Fuese o no cierta la intervención del Adalid Seráfico, Rodrigo volvió bastante cambiado. Cuando los quehaceres conventuales se lo permitían, pasaba horas y horas en la biblioteca leyendo obras sobre el santo de Asís al que, en secreto, imitaba en sus ásperas penitencias. En público empezó a venerar a las criaturas del señor hasta límites que empezaron a preocupar a los demás monjes.
Por las noches hablaba con las estrellas y por el día con las nubes, llegando a tener con una tormenta una discusión que acabó en un fuerte aguacero. Reprendía a sus hermanos de religión para que fuesen cuidadosos al pisar, pues podrían aplastar a los pequeños insectos y hubo que amarrarlo en una silla para raparle la cabeza cuando cogió piojos, ya que argumentó que también ellos eran criaturas del señor. Tal fue su amor por la Creación, que se negó a comer ningún tipo de animal y apenas si lo hacía con seres del reino vegetal, limitándose a ingerir pan y vino.
Poco a poco empezó a tener fama de rarito en el convento. Igual un día se lo encontraban cantándole a un jaramago, que acariciando una piedra. Tratando de evitar su completa enajenación, le permitieron tener de compañero un perro callejero que pronto se convirtió en su mejor amigo y confidente. El Padre Pulgas de las Cinco Llagas (así lo llamaban con guasa por aquellos claustros) no se separaba de fray Rodrigo y como premio obtuvo del fraile una densa formación en la doctrina de la Santa Madre Iglesia. Era de admirar cómo el animalito asistía atento a interminables explicaciones sobre la Santísima Trinidad, la Inmaculada Concepción o la transmigración de las almas. Ni guau decía el pobre.
La extraña relación acabó por convertirse en algo normal entre los muros del cenobio, así como las extravagancias de Rodrigo, que fueron aceptadas por la comunidad como una peculiaridad inofensiva, hasta que un día...
8 de diciembre de 1658. Con motivo de la festividad de la Purísima, el ministro provincial de los franciscanos visitó Jerez para asistir a una misa solemne a la que estaba convocado lo más granado de la sociedad local.
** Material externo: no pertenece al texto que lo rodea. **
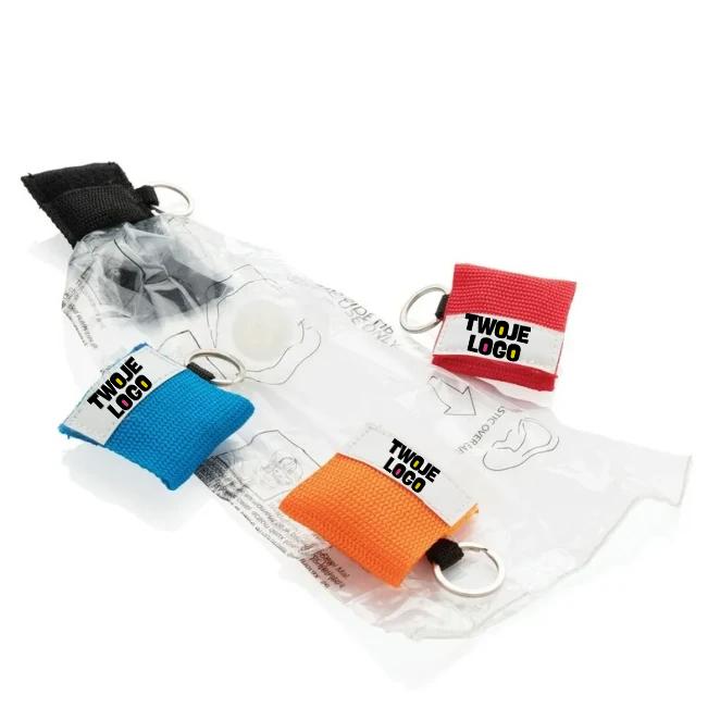 Maska do resuscytacji, brelok w pokrowcu na rzep, spełnia wymagania normy EN13485:2003, ślad węglowy produktu: 0,18 kg CO2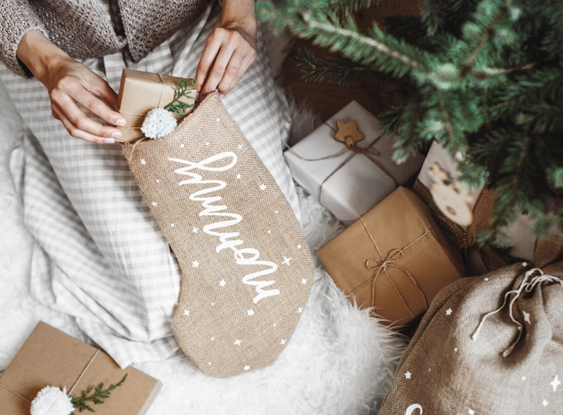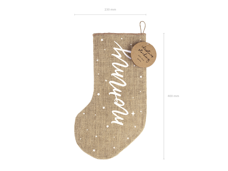 Skarpeta dekoracyjna z juty z białym nadrukiem i napisem Mommy, wymiary ok. 23 x 39.5 cm.

El padre León (tal era el nombre del ministro) tenía un carácter agrio y era famoso por sus ataques de ira, así que los frailes estaban advertidos para que todo saliese a la perfección.
Pero justo antes de la comunión fray Rodrigo se ausentó del coro y, para espanto de sus hermanos, regresó con el perro vestido con el hábito de la Orden y lo acercó a pedir la primera comunión. El escándalo fue de los mayores que se recuerdan en aquel siglo. Ni los ruegos de los monjes, ni varias cartas de súplica del corregidor consiguieron evitar que el bizarro místico fuese procesado por la Santa Inquisición. Pese a que le aplicaron riguroso tormento, no reconoció los errores contra la Fe de que lo acusaban, así que fue condenado a morir en la hoguera por hereje.
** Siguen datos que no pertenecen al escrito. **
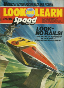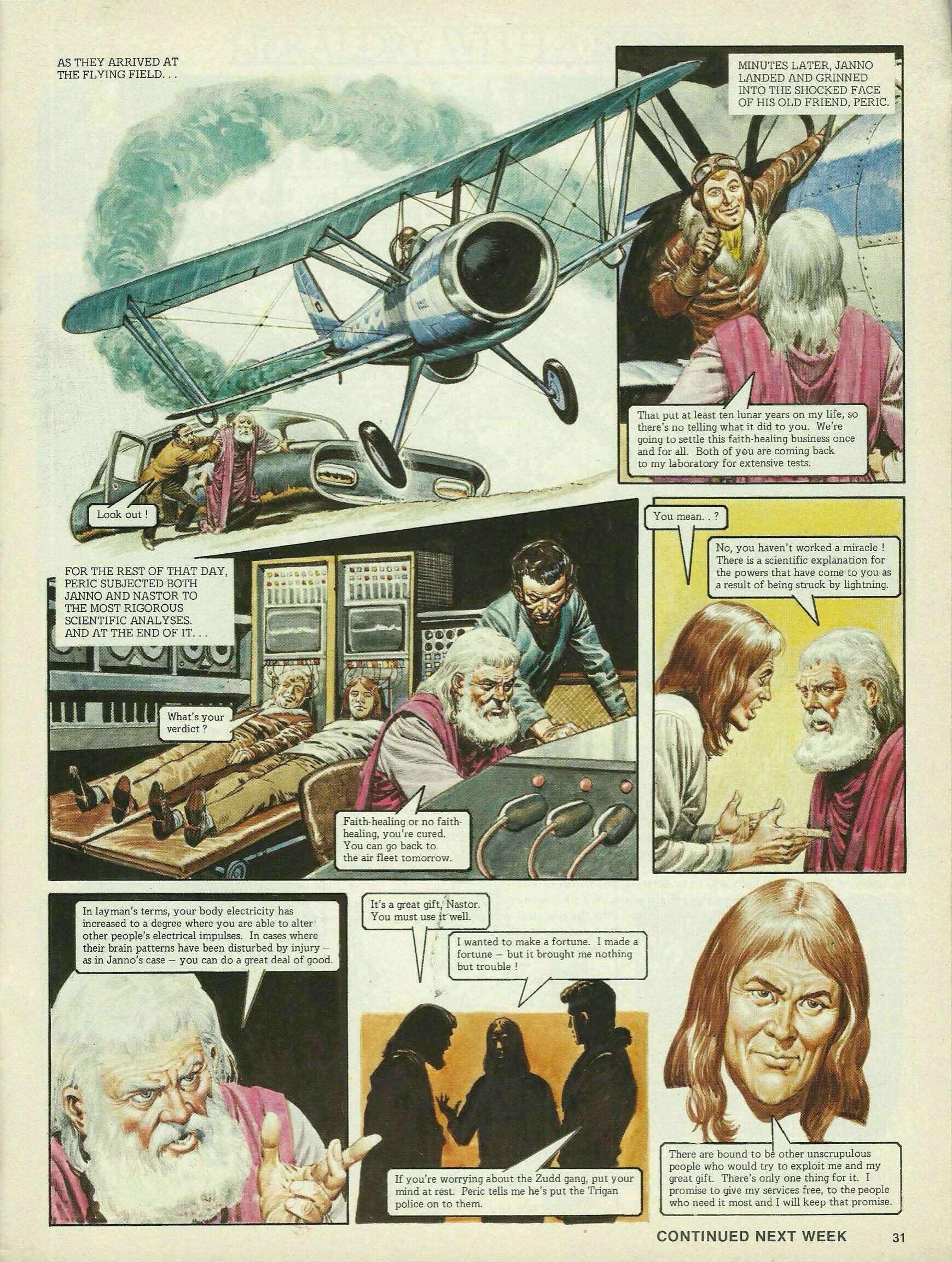Posted on November 22, 2025November 22, 2025The Gambler’s Gift (continued . . .) The richly appointed reception room was filled with a roar of devastating sound. When it was all over, Zudd stated his terms. It breaks my heart to have to do this to you, Nastor. But I’m going to have to increase my percentage of your profits from seventy-five to ninety per cent. I’ll call around for the first payment next week. Meanwhile, the great scientist Peric was carrying out his private enquiries into the past career of Nastor the ‘healer’. You say that the child used to suffer from headaches, but that they have lessened since Nastor attended him ? I keep telling you that. Don’t you believe me ? Later, Peric stalked, unannounced, into Nastor’s home. Who are you ? I am Peric the scientist, and I have a notion that you are one of the biggest scoundrels alive ! However, there is just an outside chance that you might be genuine. I am told that you can attract metals like a magnet. Show me ! Y-Yes. The demonstration took place. There ! Allowing for the fact that a tenth-rate illusionist could perform such a feat on the stage, even allowing for that, I am impressed. I became interested in you, my friend, when I learned that you had been tampering with Janno’s brain. Janno is a friend of mine, and if you have done him any harm with your quackery, I’ll see to it that you eke out your days in the punishment mines. On their arrival at Janno’s family villa. Lord Janno has gone to the private flying field. He stated that his health was so much improved that he would try his hand at a few stunts. Quick ! Back into the car ! We must stop him ! As they arrived at the flying field . . . Look out ! Minutes later, Janno landed and grinned into the shocked face of his old friend, Peric. That put at least ten lunar years on my life, so there’s no telling what it did to you. We’re going to settle this faith-healing business once and for all. Both of you are coming back to my laboratory for extensive tests. For the rest of that day, Peric subjected both Janno and nastor to the most rigorous scientific analyses. And at the end of it . . . What’s your verdict ? Faith-healing or no faith- healing, you’re cured. You can go back to the Air Fleet tomorrow. You mean . . ? No, you haven’t worked a miracle ! There is a scientific explanation for the powers that have come to you as a result of being struck by lightning. In layman’s terms, your body electricity has increased to a degree where you are able to alter other people’s electrical impulses. In cases where their brain patterns have been disturbed by injury — as in Janno’s case—you can do a great deal of good. It’s a great gift, nastor. You must use it well. I wanted to make a fortune. I made a fortune—but it brought me nothing but trouble ! If you’re worrying about the zudd gang, put your mind at rest. Peric tells me he’s put the Trigan police on to them. There are bound to be other unscrupulous people who would try to exploit me and my great gift. There’s only one thing for it. I promise to give my services free, to the people who need it most and I will keep that promise. This instalment was originally published in Look and Learn issue no. 723 on 22 November 1975.

Tal y como refiere el padre Rallón, el 6 de agosto de 1660 (justo el día que cumplió 25 años) fue ejecutado en la plaza del Arenal. Hasta el último momento intentaron que se arrepintiese, pero no lo lograron. Murió gritando al hermano fuego que no había nada más hermoso en el mundo que sentir su abrazo.
Jerez lloró por él, creyéndolo un loco, y el apenado Padre Pulgas jamás se marchó de la plaza del Arenal, llegando a convertirse en un personaje muy popular entre los jerezanos.